Uma segunda tendência que essa transformação coloca diante dos profissionais – sejam eles jovens ou mais experientes – diz respeito às novas habilidades exigidas. Em qualquer estágio da carreira, a exigência vai além do domínio criativo. Serão necessárias competências que alinhem também:

  1. Letramento em IA, curadoria criativa e crítica: aqui o olhar humano é, pelo menos por enquanto, imprescindível;
  2. Gestão de dados e métricas para poder interpretar resultados e transformá-los em insights estratégicos. Afinal, a palavra de ordem é eficiência;
  3. Habilidades socioemocionais para poder “vender” da melhor maneira os projetos, negociar e desenvolver a tão necessária visão crítica — capacidades que a IA ainda não consegue replicar.

Uma terceira camada de impacto é como toda essa mudança nas relações de trabalho afeta os profissionais mais sêniores. Se os jovens enfrentam o desafio de se diferenciar em um mercado mais saturado, os mais experientes vivem uma outra tensão: como se manter relevantes em meio a uma tecnologia que parece “acelerar” a carreira dos mais novos.

Algumas implicações dessa apreensão passam pela necessidade de reposicionamento do papel dos líderes, que deixam de ser gestores tradicionais para atuarem como orquestradores de talentos e tecnologias, mediando a relação entre máquinas e pessoas.

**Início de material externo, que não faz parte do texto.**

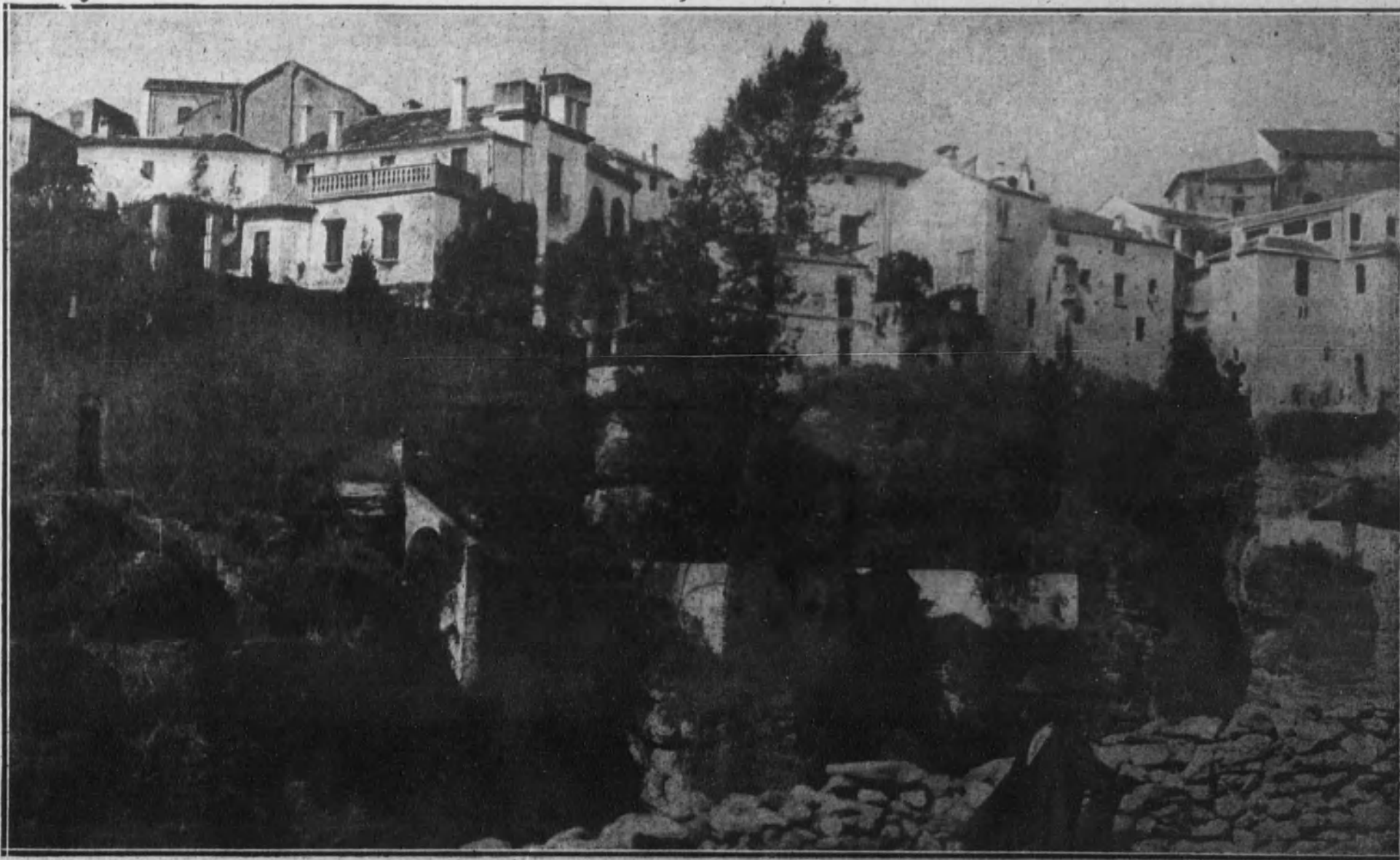
Bordes del profundo Tajo, sobre los cuales están construidas las casas.
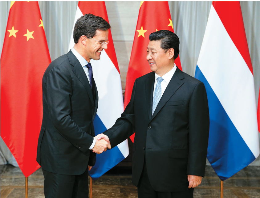
3月28日,国家主席习近平在海南省博鳌国宾馆会见荷兰首相吕特。

吕特表示,习近平主席去年对荷兰国事访问非常成功,有力促进了两国政治和经济往来。威廉-亚历山大国王和马克西玛王后期待对中国进行国事访问。荷兰已决定申请成为亚投行创始成员国,将立即就此同中方沟通。我来博鳌之前率荷兰企业家代表团访问了上海和深圳,企业家们对访问成果非常满意,都期待在中国发展,
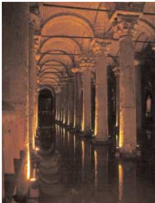
Yerebatan Sarayı – der Versunkene Palast.
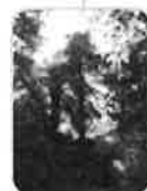
Sequoia sempervirens Ixelles Parc Tenbosch
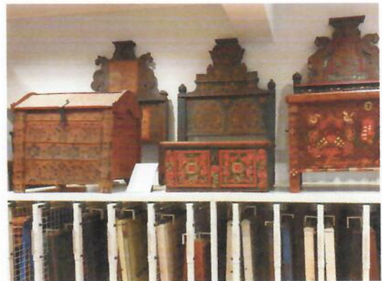
Baja, Türr István Múzeum
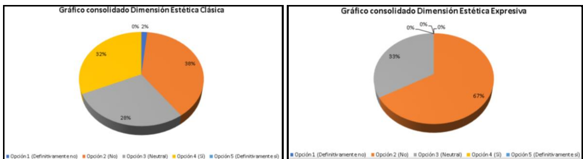
Fig. 3. Gráficos consolidados por dimensión sitio web de entretenimiento.

De acuerdo con la percepción de los participantes, en un 75% este sitio web tiene atributos de estética clásica y en un 50% atributos de estética expresiva; por lo tanto, se puede inferir como hallazgo inicial, que la experiencia para los usuarios en aspectos relacionados con belleza fue satisfactoria.
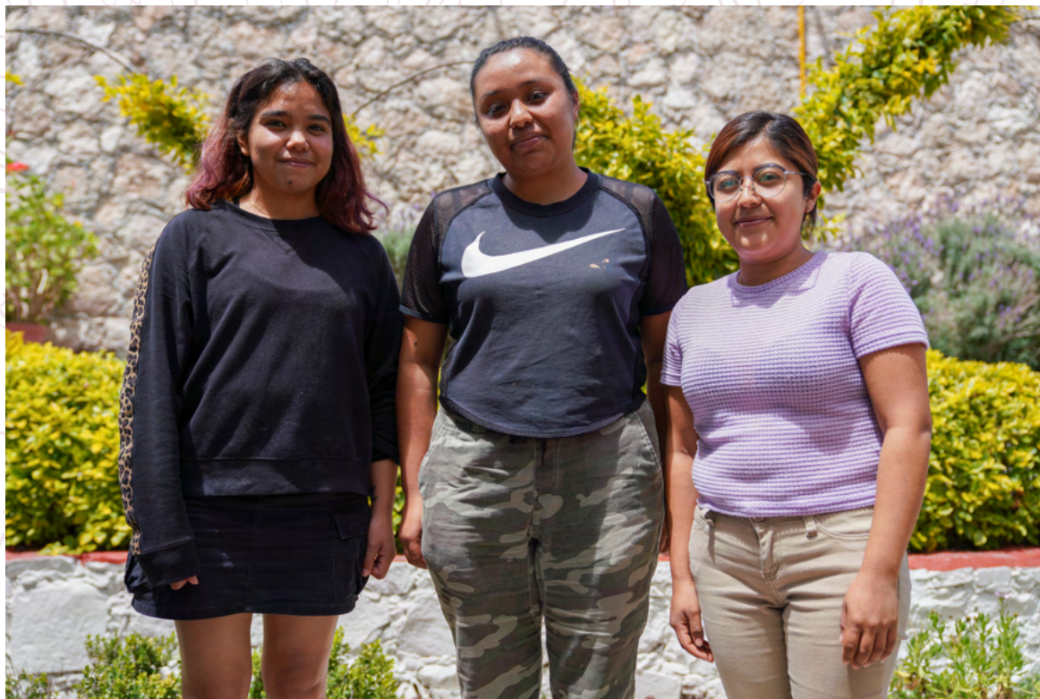
CUIDADORAS DE UNA CASA HOGAR

Lugar: Querétaro, México Fecha: Julio, 2022
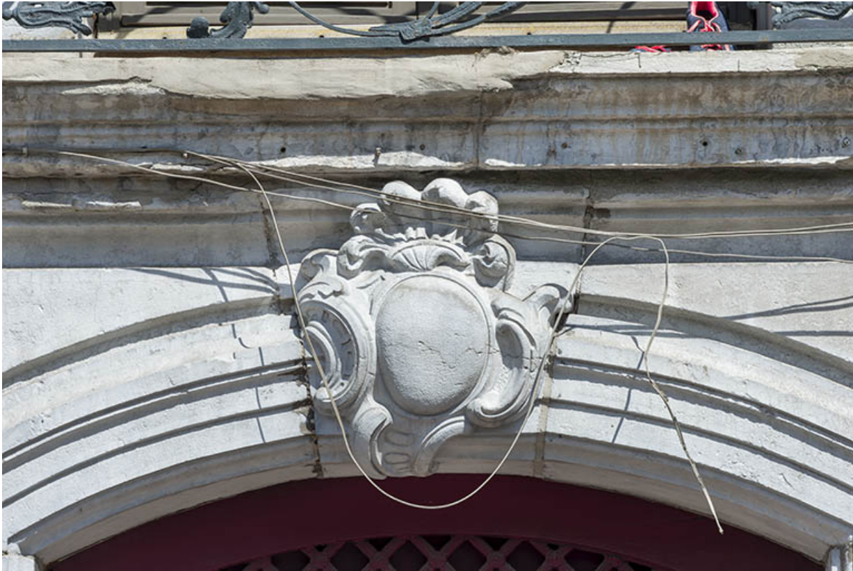
Porte principale. Détail de la clef de l'arc segmentaire.

39, Salins-les-Bains, 18 rue de la Liberté
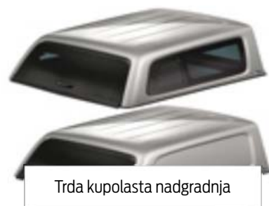
Trda kupolasta nadgradnja
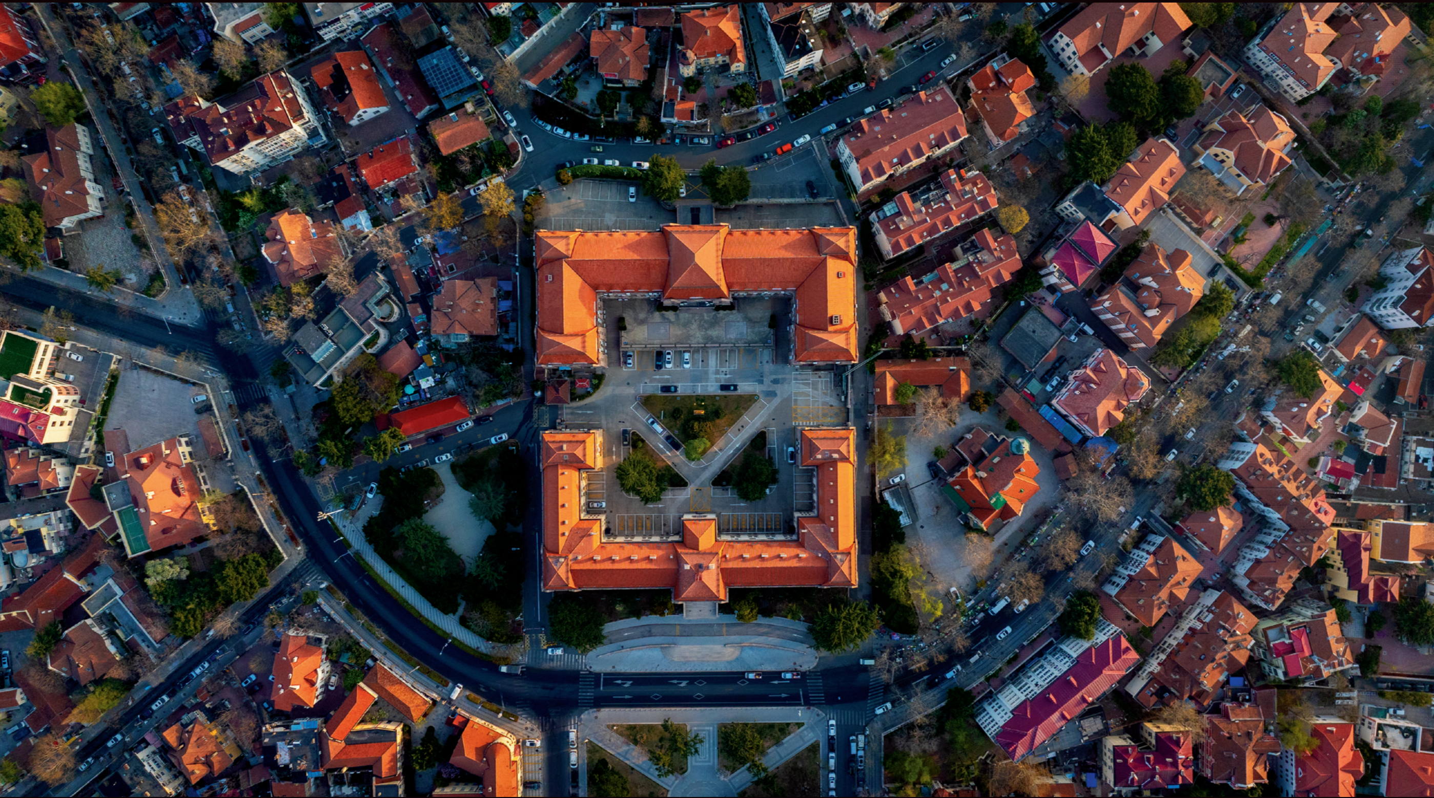
德国人规划的青岛城，似规整又似杂乱无序
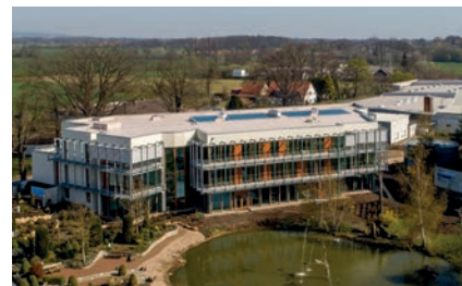
Neues Verwaltungsgebäude von Rila.

Gemeinsam blicken Rila und TEAM auf eine erfolgreiche und langjährige Zusammenarbeit zurück. Schon 2002 entschied sich Rila im Rahmen des Neubaus eines hochautomatisierten
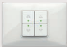
Automazione per gli edifici Well-contact Plus
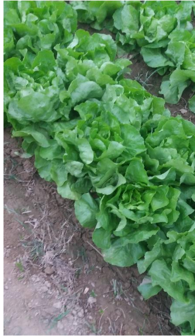
White Boston (señorita)
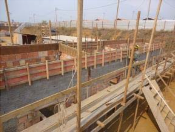
Figura 29 – Bloco de serviços – Armação e montagem das formas para concretagem da viga de amarração.
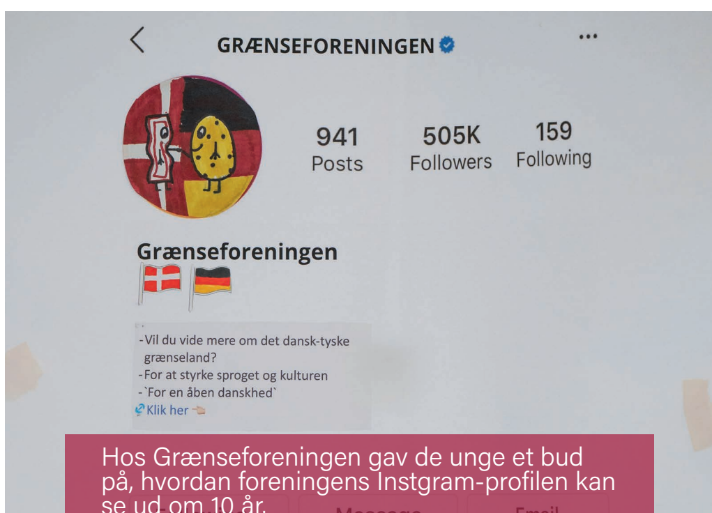
Hos Grænseforeningen gav de unge et bud på, hvordan foreningens Instagram-profilen kan se ud om 10 år.
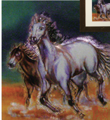
額サイズ<20×20> 革サイズ<14×12>
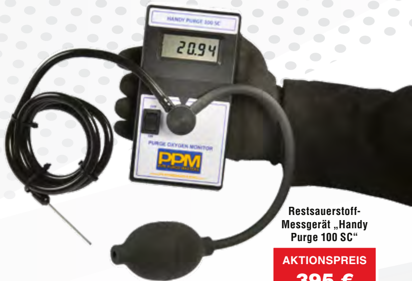
Restsauerstoff- Messgerät „Handy Purge 100 SC“
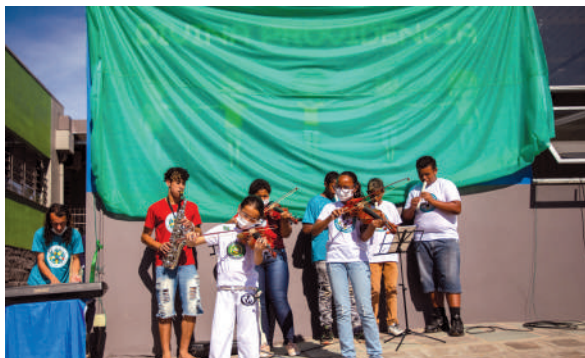
Orquestra "O Som da Fonte"
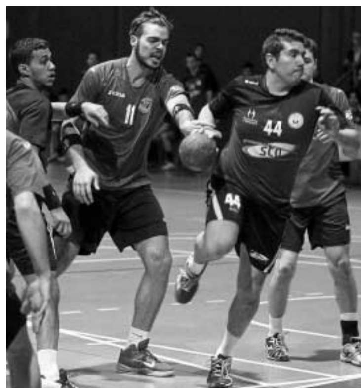
Un jugador del Maracena se prepara para lanzar contra la portería contraria. PEPE VILLOSLADA

Al espectáculo se sumaron los guardametas pero no los colegiados, que no hicieron un gol al tanteo de Montequinto pese a concederlo en pista, al equipo sevillano le excluyeron entonces al entrenador, expulsaron al médico local y remataron el final con las exclusiones de Gonzalo y Ángel Sánchez que incapacitaron al equipo maracenero para pelear el último y definitivo parcial al acabar el partido con sólo cuatro jugadores.
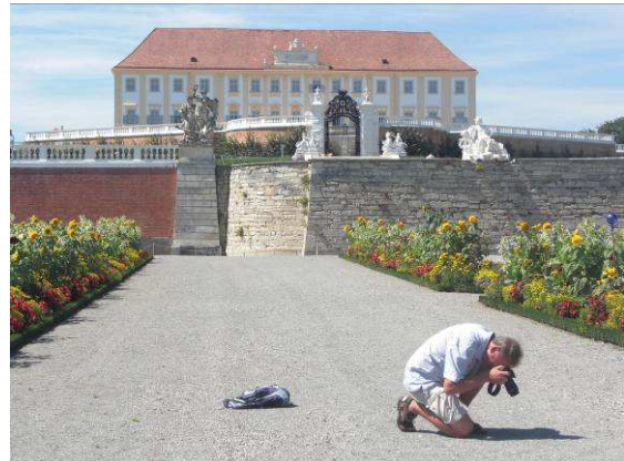
Abbildung 3: Fotoshooting für die Blauflügelige Sandschrecke

Kategorie „critically endangered“ auf „endangered“ zurück gestuft (Berg, Bieringer & Zechner 2005).
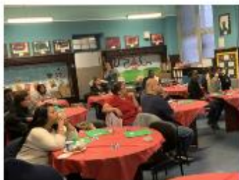
Principals Breakfast Families attending our bi monthly Principals Breakfast. In this forum families learned about NYC Kids Rise Save for College Program and the dangers of vaping and E-Cigarettes. Ending with an scraping Booking session that infused the importance of Literacy.

O risco da obsolescência é real: aqueles que resistirem a adotar novas ferramentas podem perder espaço para perfis híbridos — profissionais mais jovens, porém já fluentes em IA, capazes de entregar com mais agilidade. Aí que entra a chamada experiência estratégica. A senioridade continua essencial nas tomadas de decisões, especialmente as mais complexas e que exigem visão de longo prazo. A diferença é que a autoridade agora não vem apenas da experiência acumulada, mas da capacidade de integrar essa bagagem a novas formas de trabalho e tecnologia.

Esse reposicionamento exige uma transição de modelo mental – do controle centralizado para a mentoria e curadoria. Os profissionais mais sêniores passam a ser menos “executores” e mais “guias” no processo criativo e estratégico.

Em meio a notícias frequentes de demissõs em massa, convergência entre EAD em expansão e IA em ascensão, o futuro das relações no mercado de comunicação não passa apenas em saber quantos profissionais estarão disponíveis, mas em como eles se relacionarão com o trabalho.

São urgentes e necessárias mudanças também na oferta dos cursos de formação, desde os de graduação, que precisam ser redesenhados para diminuírem as lacunas entre o que se aprende nos cursos mais genéricos e menos práticos e o que o mercado demanda. E na ponta das atualizações constantes para os profissionais que já estão no mercado, com a tão necessária jornada de life long learning, é fundamental a adaptabilidade para que possam ser mediadores entre criatividade humana e eficiência algorítmica.